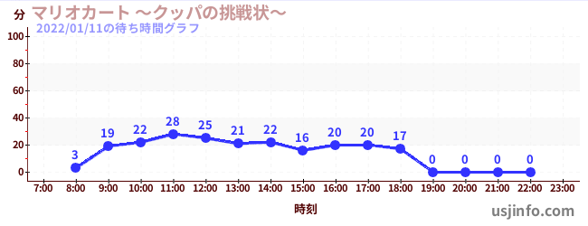 • マリオカート ~クッパの挑戦状~$B$N(B2022年01月11日の待ち時間
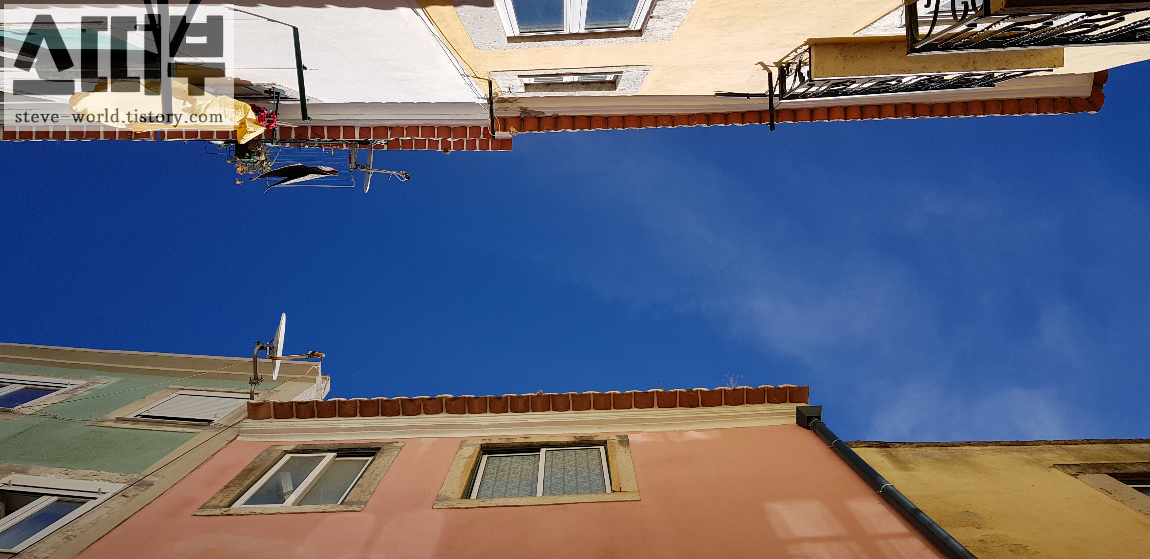 포르투갈에서 마지막 날 보았던 골목 사이의 하늘이 잊히질 않습니다. 파스텔 톤의 알록달록한 벽과 붉은 지붕의 끝퉁이, 파란 하늘, 마지막 날의 그 아쉬움마저도 무척 즐거웠던 여행이었습니다.
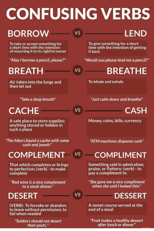 Good writing is writing that is clear and concise. Not all verbs are interchangeable. Check out this graphic that shows some of the most commonly confused verbs and how to use them correctly.
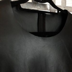 Stunning leather shift dress by Vancouver designer Jacqueline Conoir. Worn twice but a little roomy for me now. Really beautiful on and great piece to layer in winter with fitted high neck, tights and boots. Stylish piping and raw edge around neckline and sleeve edging. Hemline falls roughly above knee/mid-thigh.
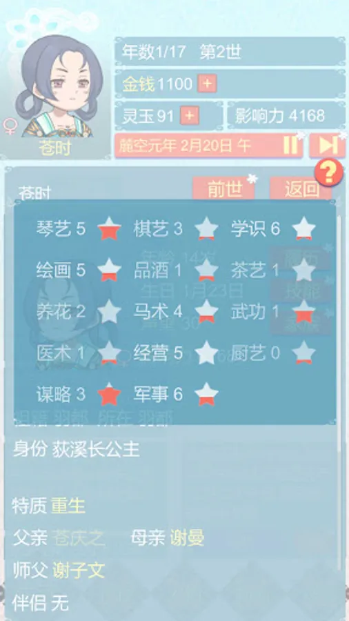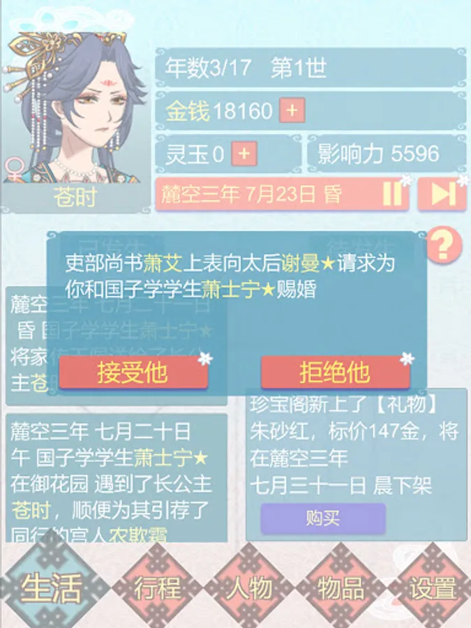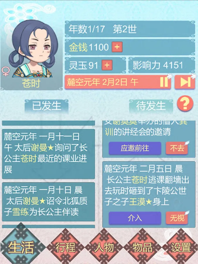 This time you will play the role of the eldest princess of the Qingluan Dynasty who has been reborn countless times from the age of thirteen to thirty, and experience how a noble but no real power princess can gradually gain control in each life method of power, and use the reborn prophet to intervene in the lives of others and change their destiny at will
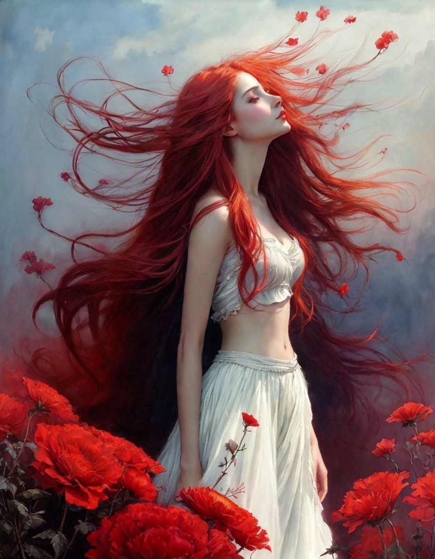 A woman with flowing red hair stands amid red flowers, evoking a dreamy, ethereal atmosphere.
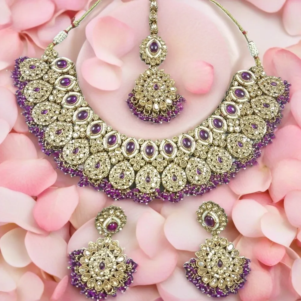 Royal Purple Kundan Bridal Necklace Set with Earrings & Maang Tikka
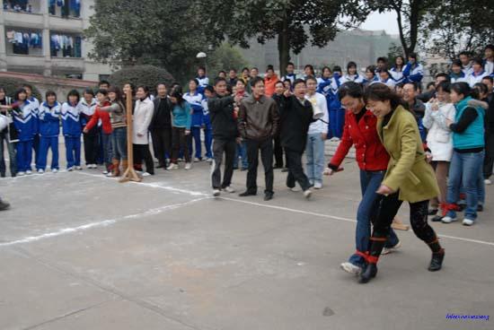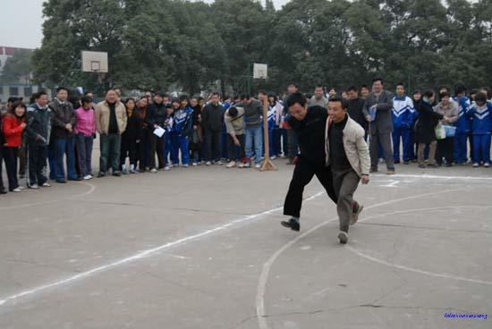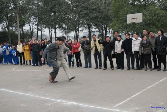 寒风瑟瑟,冬意渐浓,群众性体育活动的热潮却一浪高过一浪。12月4日下午长沙市财经职业中专校园内却洋溢着热闹欢腾的气息。学校工会组织的教职工“两人三足”接力比赛正在操场隆重举行。从校长到职员全校教职工个个踊跃参加了本次活动,比赛分八个工会小组进行,每组6队迎面接力。运动场上,运动员的奋勇争先,学生观众的欢呼雀跃,啦拉队的加油助威,构成了一幅精彩、和谐的画面。
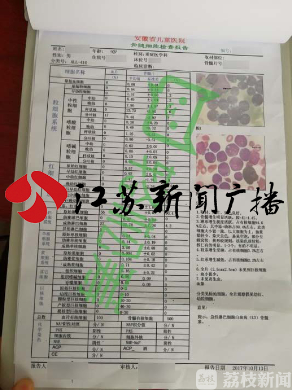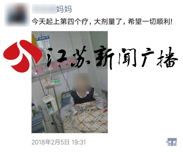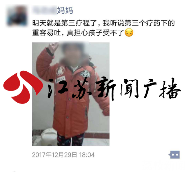 5月31日,江苏新闻广播记者赶到了为成成治疗的安徽省儿童医院,医院血液科主任屈丽君告诉记者,其实,成成已经挺过了最艰难的时候,目前病情恢复的很好:“这个孩子是诊断性淋巴细胞白血病,高危,当时来的时候病情很重,呼吸困难,咳嗽,是直接进ICU的,经过半年的规范化的联合化疗,目前病情已经好转,然后现在主要是巩固治疗和后期的维持治疗。”
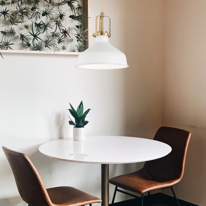 Product Code: 8I238135 Light source: 1 x E27 60W (max) | Not incl. Materials: Metal Dimensions: Ø 330mm x H 270mm | 2100mm Max Hang Height Brand: Ideal Lux Modern, industrial style pendant light featuring a metal shade available in either a varnished matt white or black. Details with satin gold finish and braided gold fabric suspension cable. Rated IP20 for indoor use only. Dimmable.Designed in Italy. For trade enquiries, please contact us below. |
────────────────────────────────────────
What you have to do: The result should be a precise copy of all the entries, free of pictures.

Reply to the task:
 • マリオカート ~クッパの挑戦状~$B$N(B2022年01月11日の待ち時間
 포르투갈에서 마지막 날 보았던 골목 사이의 하늘이 잊히질 않습니다. 파스텔 톤의 알록달록한 벽과 붉은 지붕의 끝퉁이, 파란 하늘, 마지막 날의 그 아쉬움마저도 무척 즐거웠던 여행이었습니다.
 Good writing is writing that is clear and concise. Not all verbs are interchangeable. Check out this graphic that shows some of the most commonly confused verbs and how to use them correctly.
 Stunning leather shift dress by Vancouver designer Jacqueline Conoir. Worn twice but a little roomy for me now. Really beautiful on and great piece to layer in winter with fitted high neck, tights and boots. Stylish piping and raw edge around neckline and sleeve edging. Hemline falls roughly above knee/mid-thigh.
 This time you will play the role of the eldest princess of the Qingluan Dynasty who has been reborn countless times from the age of thirteen to thirty, and experience how a noble but no real power princess can gradually gain control in each life method of power, and use the reborn prophet to intervene in the lives of others and change their destiny at will
 A woman with flowing red hair stands amid red flowers, evoking a dreamy, ethereal atmosphere.
 Royal Purple Kundan Bridal Necklace Set with Earrings & Maang Tikka
 寒风瑟瑟,冬意渐浓,群众性体育活动的热潮却一浪高过一浪。12月4日下午长沙市财经职业中专校园内却洋溢着热闹欢腾的气息。学校工会组织的教职工“两人三足”接力比赛正在操场隆重举行。从校长到职员全校教职工个个踊跃参加了本次活动,比赛分八个工会小组进行,每组6队迎面接力。运动场上,运动员的奋勇争先,学生观众的欢呼雀跃,啦拉队的加油助威,构成了一幅精彩、和谐的画面。
 5月31日,江苏新闻广播记者赶到了为成成治疗的安徽省儿童医院,医院血液科主任屈丽君告诉记者,其实,成成已经挺过了最艰难的时候,目前病情恢复的很好:“这个孩子是诊断性淋巴细胞白血病,高危,当时来的时候病情很重,呼吸困难,咳嗽,是直接进ICU的,经过半年的规范化的联合化疗,目前病情已经好转,然后现在主要是巩固治疗和后期的维持治疗。”
 Product Code: 8I238135 Light source: 1 x E27 60W (max) | Not incl. Materials: Metal Dimensions: Ø 330mm x H 270mm | 2100mm Max Hang Height Brand: Ideal Lux Modern, industrial style pendant light featuring a metal shade available in either a varnished matt white or black. Details with satin gold finish and braided gold fabric suspension cable. Rated IP20 for indoor use only. Dimmable.Designed in Italy. For trade enquiries, please contact us below. |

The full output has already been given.